Pero, como señala el teólogo Jesús Martínez Gordo, con la resistencia al cambio de modelo la Iglesia “corre el riesgo de ser un residuo desechable, difícilmente reciclable y condenado a una irrelevancia tan dulce como segura y mortal”. A su juicio, el futuro está en “comunidades evangelizadoras” que “actúen como fermento en la sociedad”. Levadura en la masa, que dice el Evangelio.

Religiosa párroco

Algunas monjas ejercen de párrocos, pero sin decir misa ni confesar. Ignacia Andrés de las Dominicas de la Anunciata forma, con dos compañeras monjas, una comunidad de monjas-párrocos de la zona de Pesoz (Asturias). Su labor es celebrar cuando no están los curas y “acompañar hasta el final a los pocos que quedan”. “La gente nos adora y nos dice que nuestra misa es mejor, porque es más corta, más familiar y más dialogada”. Sor Ignacia pide “mayor protagonismo para la mujer en la Iglesia, tal y como lo está consiguiendo en la sociedad civil”.

Diáconos casados

La Iglesia echa mano también de diáconos casados. Fernando Martínez Sabroso está casado y tiene 3 hijos y 4 nietos. Se ordenó diácono permanente en 1986 (“de los primeros”) y, hoy, a sus 62 años, se ocupa de su familia, es párroco de Arganda del Rey, vicepresidente de Cáritas española y delegado episcopal de pastoral social de Alcalá. Dice que los diáconos no son “sacristanes ni curas de segunda”, sino ministros de la Iglesia “muy bien aceptados por los fieles, porque nos ganamos la vida y, además, tenemos más experiencia que los curas en el ámbito matrimonial”. La solución a la crisis vocacional la ve en “el testimonio de los laicos”.

La capellana del Pirineo

En muchas diócesis, equipos de laicos sustituyen misas por liturgias seglares.

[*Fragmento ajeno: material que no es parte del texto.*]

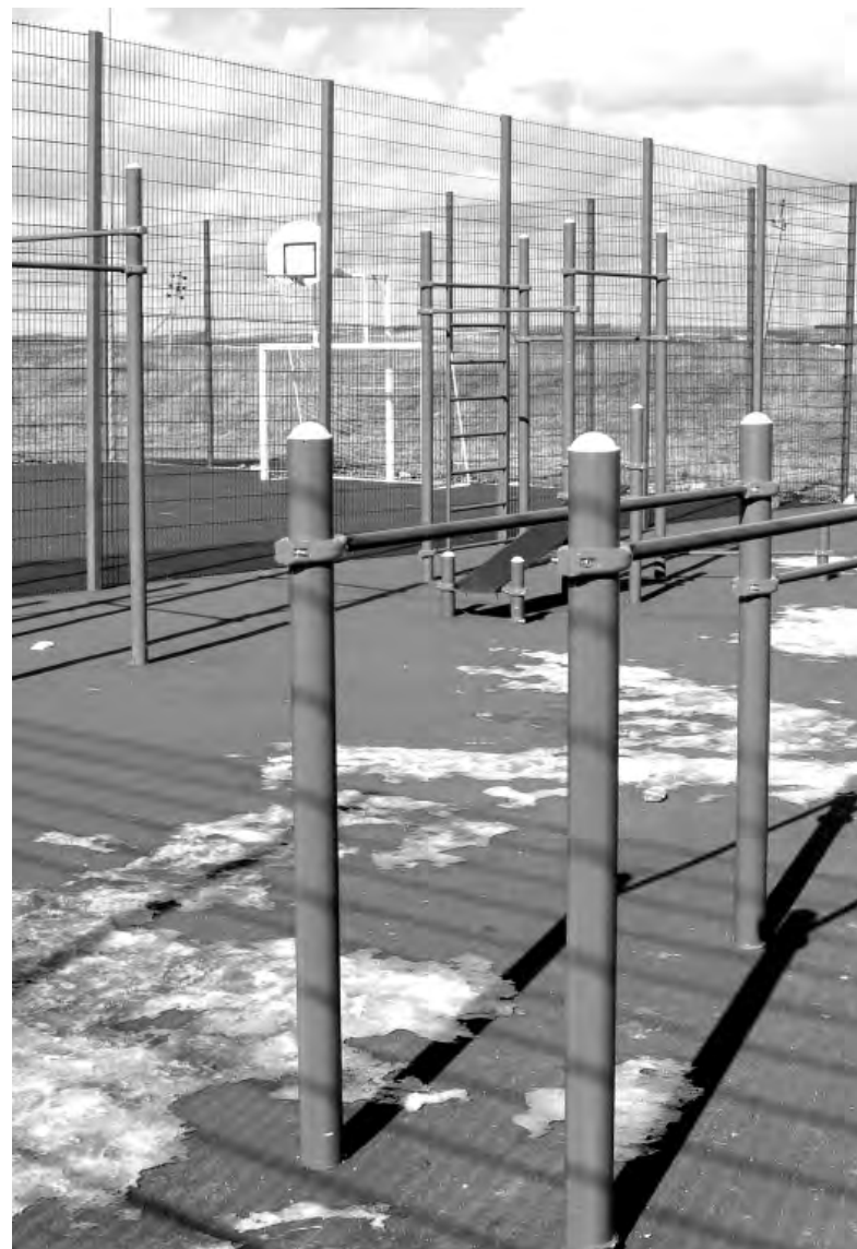
Спортивная площадка, открытая в прошлом году в конце улицы Чапаева в Алексеевке, позволяет заниматься многими видами физической культуры. Увлечённые баскетболом и мини-футболом могут посоревноваться отдельно от тех, кто будет играть в настольный теннис или начнёт тренироваться у гимнастических снарядов. Эти участки изолированы.

A Victoria Farré la llaman la “capellana” del Pirineo y ejerce como tal en Benifons (Huesca). Todos los domingos, se pone una camisa blanca de manga larga y un gran crucifijo por encima, se va a la iglesia y oficia la liturgia de la Palabra. Con su homilía y todo. Al final, da la comunión a los fieles. Casada y con tres hijos, a sus 60 años, Victoria suspira por un relevo. “Que vengan curas, aunque sean de fuera o aunque sean casados, porque la misa sin cura no es lo mismo”, dice.

Curas importados

En vacaciones de veranos la costa levantina se puebla de turistas y de curas temporeros. Sacerdotes de África o de Latinoamérica, que, año tras año, vienen a echar una mano y ganarse un dinerillo. Pero también hay curas importados residentes en España. Más de 2.500 en todo el país. Desde hace trece años, el ruandés de la etnia hutu Isaías Niyonsaba ha venido ejerciendo de cura en Navarra. Primero en el valle de El Roncal y, ahora, en Tafalla. Aquí se siente muy querido y no le gusta que le llamen “cura importado”, porque la Iglesia es “universal”.
En cambio Slawomir Harazimowicz, cura polaco que lleva ya seis años en la diócesis de Segovia, se ríe cuando le llaman importado, “como los grandes futbolistas”. Sus parroquianos de Sepúlveda le quieren y le miman. En cambio, a algunos curas, al principio, “les costaba aceptar mi presencia, porque ponía en entredicho la vitalidad de su trabajo pastoral y vocacional”. En cualquier caso, el cura polaco reconoce que la presencia de curas importados “es sólo un parche, porque los curas tienen que ser nativos”.